En El fulgor, la subjetividad corresponde al cuerpo. Y más concretamente, para cuerpos masculinos:
Su actividad, su impulso, su movimiento, su fuerza.
Nuevo especial de la mañana
Déjame intentarlo, a riesgo de fallar. El fulgor, la película más reciente de Martín Farina, se comporta como una fuerza inquieta, difícil de manejar. No se deja domar por las palabras, porque sus imágenes tienen un poder resbaladizo (más cercano a la sensación que al concepto). Tampoco acepta adscripciones dentro del ecosistema del cine argentino, porque se sale de los caminos que durante años han marcado festivales y guías de turismo audiovisual. Sin luces de neón ni instrucciones para la traducción, que hacemos con una película como El fulgor; una llamada imprecisa de la noche, ahora el grito de un lobo y ahora los susurros del viento?
Reconocer lo que niega las categorías a veces nos obliga a ubicarnos en el punto exacto donde se produce el roce. Las bucólicas escenas que abren la película de Farina, con su paisaje rural habitado por hombres matando vacas y niños cazando pájaros, pueden hacer referencia efímera al escenario rural de La libertad (la mítica película de Lisandro Alonso que consagró el minimalismo observacional y que sus herederos, conocedores o no, continuó imitando incluso después de que él mismo reconoció su agotamiento). Pero, a diferencia de quienes experimentan la duración real del tiempo, Farina se inclina hacia la composición fragmentaria.
Sus aviones nos dejan antes de tiempo, sin que podamos comprender del todo las acciones. Los cuerpos (de hombres y animales) aparecen en pedazos (literalmente, descuartizados a lo largo de los bordes de la pintura). Y la asociación entre las imágenes se produce de forma misteriosa, evitando casi siempre la causalidad o la alegoría transparente: los hombres y niños que exprimen la carne picada son seguidos por una pequeña araña que teje su tela en el horizonte.

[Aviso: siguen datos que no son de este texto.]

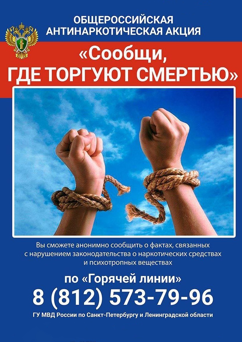 С 13 по 24 октября 2025 года на территории Санкт-Петербурга и Ленинградской области проходит II этап Общероссийской акции «Сообщи, где торгуют смертью».

Estos primeros minutos van recorriendo la experiencia de un día en el campo. Hay un mundo humano que se funde con la naturaleza. Y hay una actividad corporal que se convierte en la materia prima del disco: empuñar la escopeta, cortar los pellejos de la carne cruda, escurrir la vaca muerta hasta llenar los baldes de sangre. Sin la dimensión del tiempo real, esta experiencia no se presenta bajo un halo de objetividad. Condensa algo de carácter subjetivo, que nada tiene que ver con la primera persona que domina una parte del documental argentino contemporáneo (desde sus expresiones más creativas, como Caperucita Roja de Tatiana Mazú, hasta las que reposan narcóticas en los archivos familia, como Esquirlas de Natalia Garayalde). En El fulgor, la subjetividad corresponde al cuerpo. Y, más concretamente, a los cuerpos masculinos: su actividad, su impulso, su movimiento, su fuerza. Todos estos aspectos toman la materialidad de la película y le imprimen una temporalidad singular (siempre desplazada, como un hueso que se sale: entre el sueño y la realidad, entre el campo y la ciudad).

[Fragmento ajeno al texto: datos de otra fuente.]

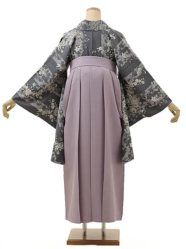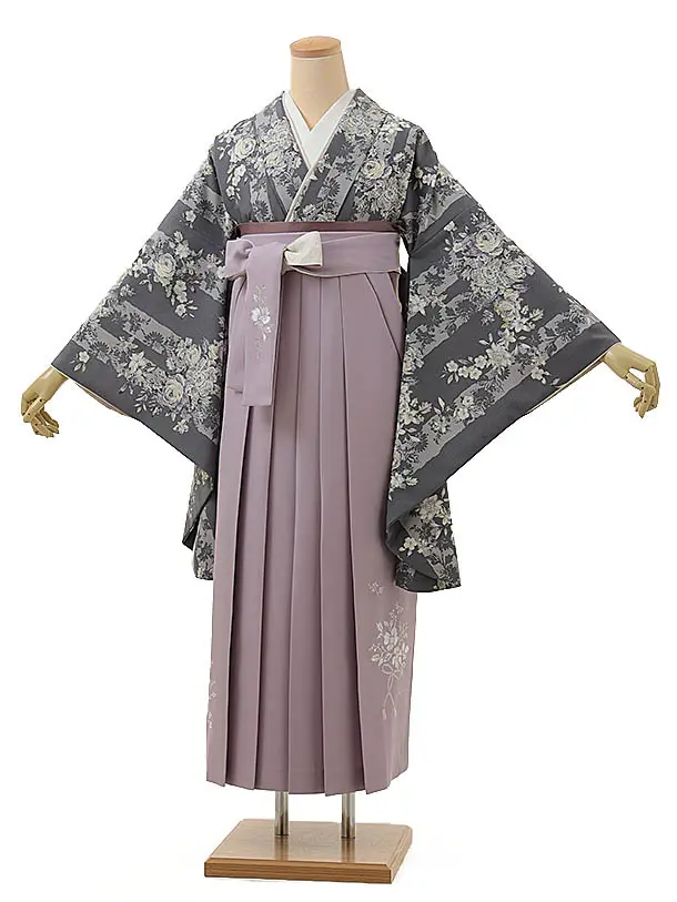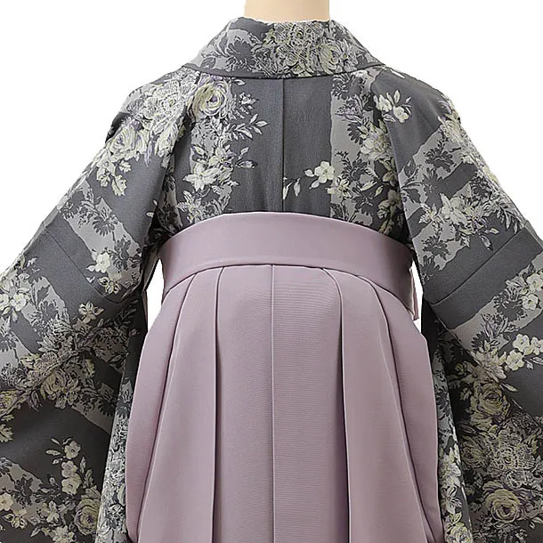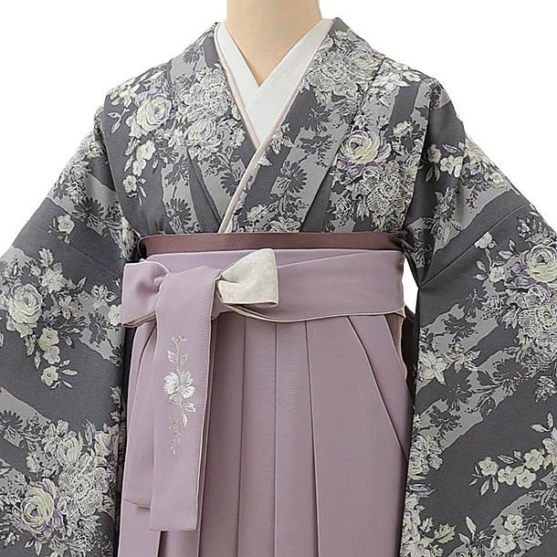 卒業式袴レンタル1237 Kamishibai ばらストライプグレーxラベンダー

El resplandor se podrá ver a partir del jueves 19/05, en el Cineclube Municipal Hugo del Carril.
Uno de los primeros saltos se produce cuando las imágenes rurales se ven interrumpidas por pequeñas escenas en el interior de un baño de hombres. Allí, los chicos se desnudan, se duchan y se cambian de nuevo. De fondo, el crujido mecánico de las fábricas da paso a una orquesta sinfónica. Toda la escena deja ver la piel desnuda y los cuerpos esculturales de los hombres como si de un espectáculo de diversión se tratara: ¡contigo la pierna carnosa! tronco mojado! el paquete de cambio!
El hecho de que estas imágenes conduzcan posteriormente a una escena carnavalesca no sólo acentúa esta espectacularidad, sino que también produce un contraste con los pasajes rurales, de los que parece diferenciarse como si se tratara de una dimensión paralela. Es casi un sueño, en el que los elementos del paisaje (desde los cuerpos monumentales hasta las plumas de los pájaros y la figura de los caballos) se mueven y adquieren otro tipo de existencia. El éxtasis que Farina logra suscitar en sus bailes, con una ejecución siempre a la altura de su desbordante ambición, amplifica esa imagen del carnaval como lugar de subversión: un espacio-tiempo suspendido, en el que los cuerpos de los hombres se liberan. , se frotan entre sí.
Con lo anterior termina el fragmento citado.